Published Aug 31, 2009
sonnyluv
100 Posts
Hey all!
Starting in a new I.C.U tomorrow and have the written portion of the clinical competency. Am I nervous!
So I am studying hemodynamic monitoring and I can't seem to find any literature, online or off, about mean pulmonary artery pressure: How to measure, significance of values, and alterations of.
Would I simply just put a line through the middle of the PAP- or do I average the A-wave like in PAWP.
Thanks for any advice given- getting close to the wire here (alright pun intended!) and this one is a doozy. Even pacep.org doesn't have and they seem to be pretty thorough on the whole topic.
Thanks,
Sonny
NurseJenkins
1 Post
pulmonary artery pressure is an arterial pressure, so like a regular arterial pressure, the mean is a calculated number: [PAS + (PAD x 2)] / 3. Hope this helps!
TakeBack
203 Posts
The significance is that the mean pressure is the driving pressure gradient which creates forward flow. Factors which affect the above equation alter it.

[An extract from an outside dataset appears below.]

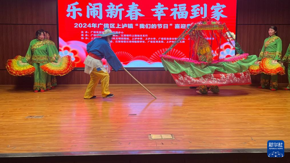 新华社南昌2月16日电(记者刘佳敏)简朴的舞台上,小船轻摇慢荡。身披彩纱的演员站立在船里,一旁的船夫“卖力”地撑着竹竿,犹如在水中行。随着音乐逐渐激昂,演员带着船灯不断回旋移动,如在急流中劈波斩浪,让观众仿佛身临其境。
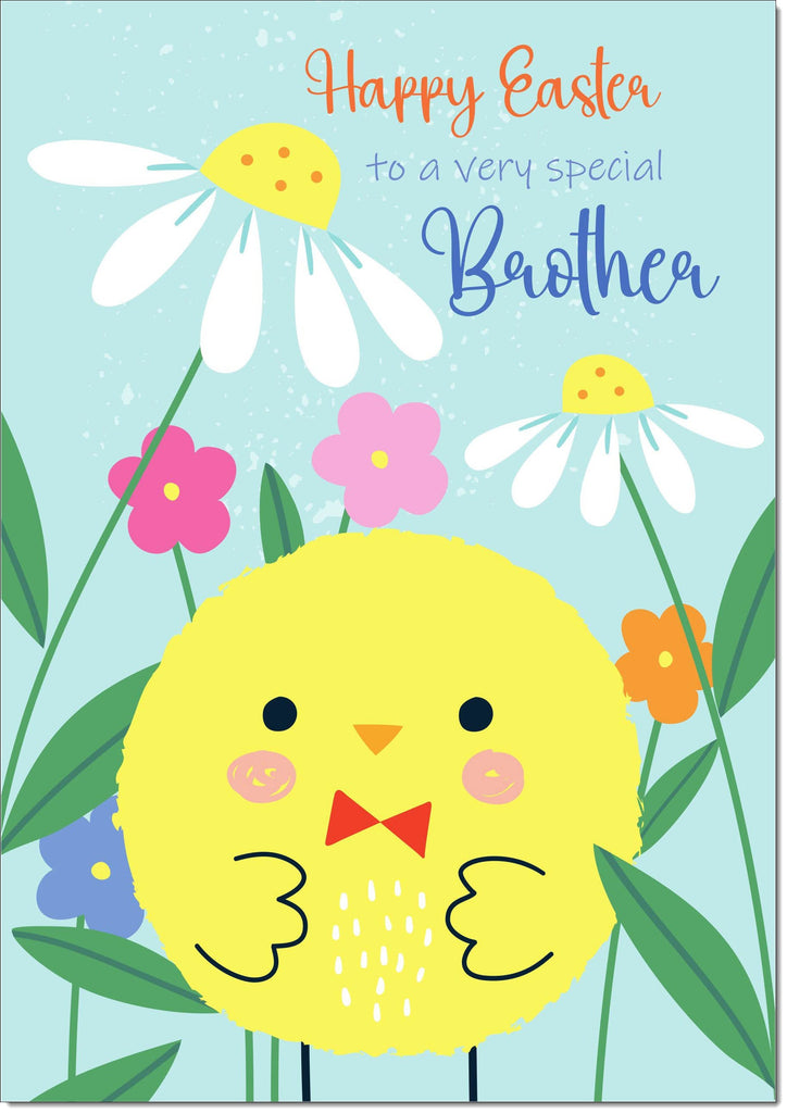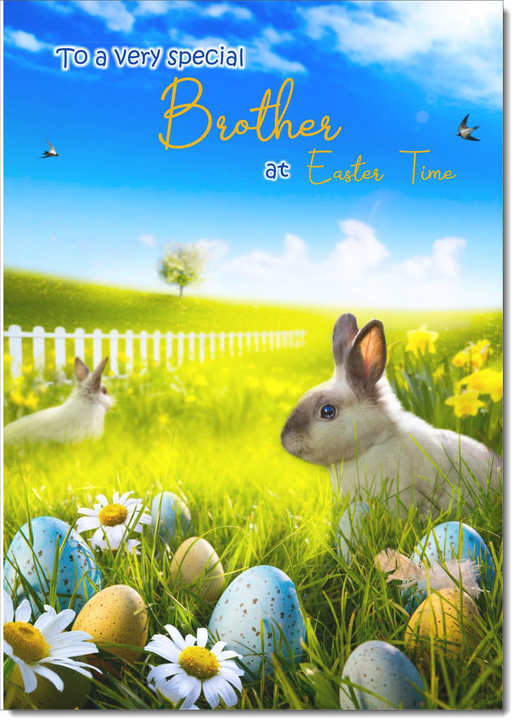 Brother Easter Card Vase of Daffodils with Bunnies and Eggs

Pressure = Flow X Resistance
Changes in flow (cardiac output) or resistance (pulm vasc tone, left heart compliance etc) drive the value up or down.
perfect! Range is 10-20mmhg.
criticalHP, MSN, RN
150 Posts
couldn't have said this better. Great job!
JF808Rn
20 Posts
you can say that again! no better way to explain it than this way!
chare
4,324 Posts
you might find the pulmonary artery catheter education project website helpful.
rghbsn, BSN, RN
187 Posts
This newer formula corrects mean pressures for HR as well...which is more acurate with the changes in filling times that effect C.O. : DP + [0.33 + (HR x 0.0012)] x [sP] where DP is diastolic pressure, HR is heart rate, and SP is systolic pressure.
ghillbert, MSN, NP
3,796 Posts
You couldn't find out online how to calculate mPAP? I just googled and the first several references listed the formula to calculate it.
As for significance: anything that increases mPAP is also putting more stress on the right ventricle. Patients with bad hearts and/or pulmonary hypertension may need pulmonary vasodilation to reduce the RV afterload.